Sementara itu, program Indonesia Tumbuh adalah pemulihan sejumlah sektor ekonomi, termasuk pemberdayaan ekonomi maritim, pemulihan sektor perdagangan, investasi, pariwisata dan jasa, peningkatan penerimaan melalui cukai, serta transformasi penerimaan perpajakan.
Berbagai kebijakan dalam ”Indonesia Sehat, Bekerja, dan Tumbuh” itu akan dilangsungkan bertahap sejak Juli 2020-Desember 2022. Fase pertama yang dimulai pada Juli 2020-2021 diprioritaskan untuk penanganan aspek kesehatan dan keamanan Covid-19 serta bantuan sosial dan stimulus untuk menggerakkan ekonomi kerakyatan. Fase berikutnya dalam waktu 1-2 tahun ke depan ditargetkan untuk produksi dan distribusi vaksinasi serta memulihkan berbagai sektor ekonomi.
Baca juga: Sinergi Gas dan Rem
Raden Pardede mengatakan, pemerintah akan menyeimbangkan aspek kesehatan dan ekonomi dalam langkah-langkah taktis penanganan pandemi dan ekonomi ke depan.

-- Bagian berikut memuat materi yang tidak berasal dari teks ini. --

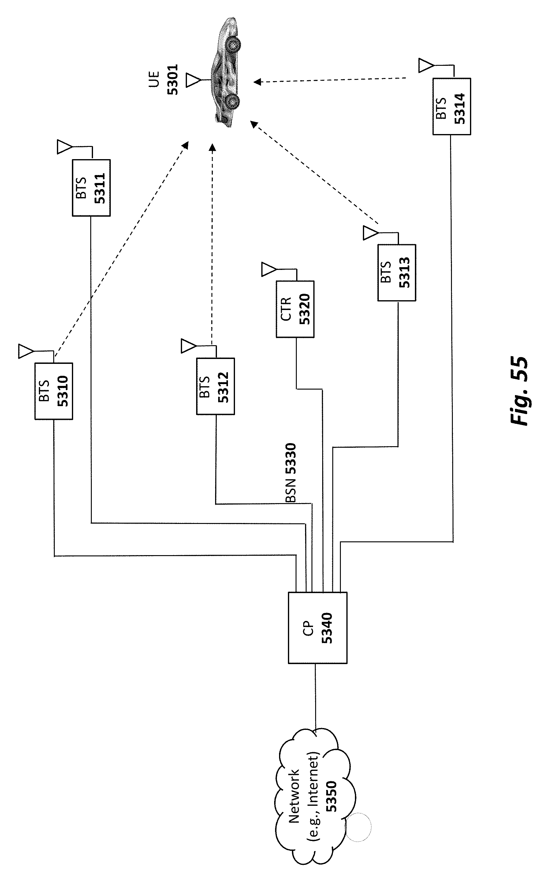 The BTSs 5310-5314 are placed anywhere that is convenient where there is access to the Internet or BSN. In one embodiment of the invention, the UEs 5301-5305 are placed randomly between, around and/or surrounded by the BTSs or distributed antennas as depicted in FIG. 54.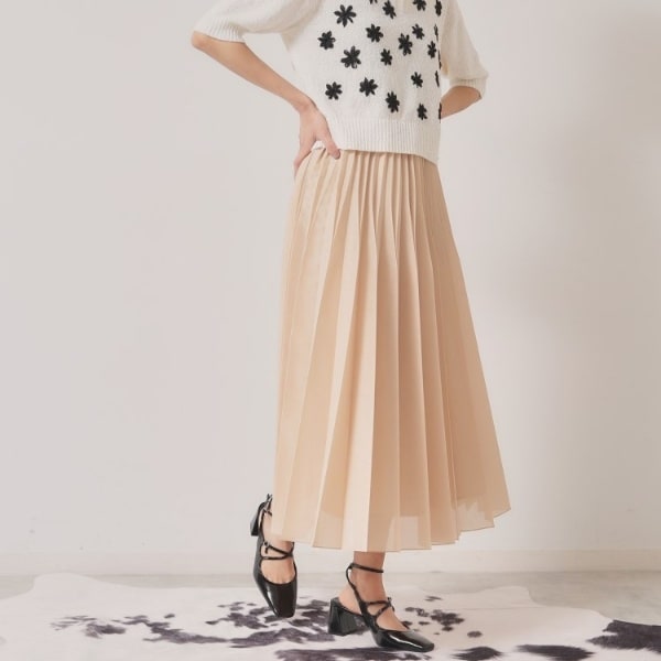 腰下で切り替えたアコーディオンプリーツが抜け感と軽やかさを演出するロングスカート。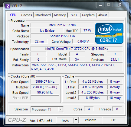 Hi, Ich habe einen Intel Core i7-3770K von 3.5 auf 4.0 GHZ übertaktet er läuft über Stunden Stabil nur das Problem ist es wird nicht von Windows Erkannt: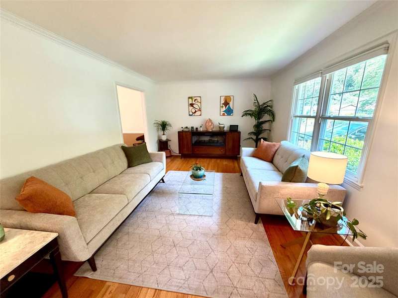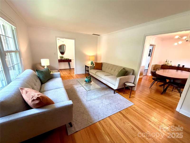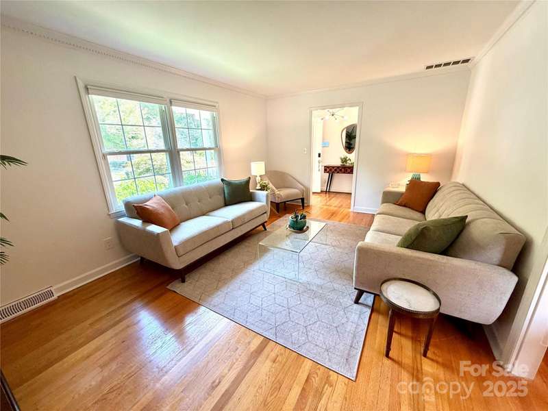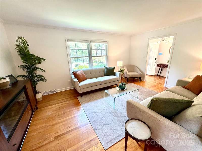 Absolutely sensational mid-century modern brick ranch nestled in the desirable Coventry Woods neighborhood! This rare 4 bedroom 2 bath home sits on a spacious 0.28 acre wooded lot and blends modern updates with timeless character. Enjoy stylish wood flooring, an oversized updated kitchen and thoughtful finishes throughout. This home's curb appeal is undeniable and the expansive backyard-surrounded by mature trees & overlooked by a relaxing screened porch-offers the perfect setting for outdoor entertaining. Freshly painted interior, updated primary bath, upgraded electrical (2023), encapsulated crawlspace (2023) & new HVAC (2024). Refrigerator, washer and dryer are also included. Comforting, inviting & located just 10 minutes from Uptown Charlotte with easy access to grocery stores, shopping, entertainment, restaurants and Independence Freeway. A rare find with charm, convenience and spacedont miss it!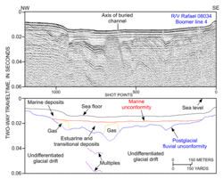 Seismic reflection is used for imaging of nearly horizontal layers in the Earth. The method is much like echo sounding. It can be used to identify folding and faulting, and to search for oil and gas fields. On a regional scale, profiles can be combined to get sequence stratigraphy, making it possible to date sedimentary layers and identify eustatic sea level rise.[7]

”Kita tidak bisa memisahkan antara menjaga kesehatan dan menjaga mata pencarian untuk hidup. Kita semua tidak sama, ada orang kaya yang tidak perlu kerja, tetapi saudara-saudara kita para pedagang kaki lima, mereka tidak punya kemewahan untuk tidak bekerja. Jadi kita rem dan gas (antara kesehatan dan ekonomi),” kata Raden.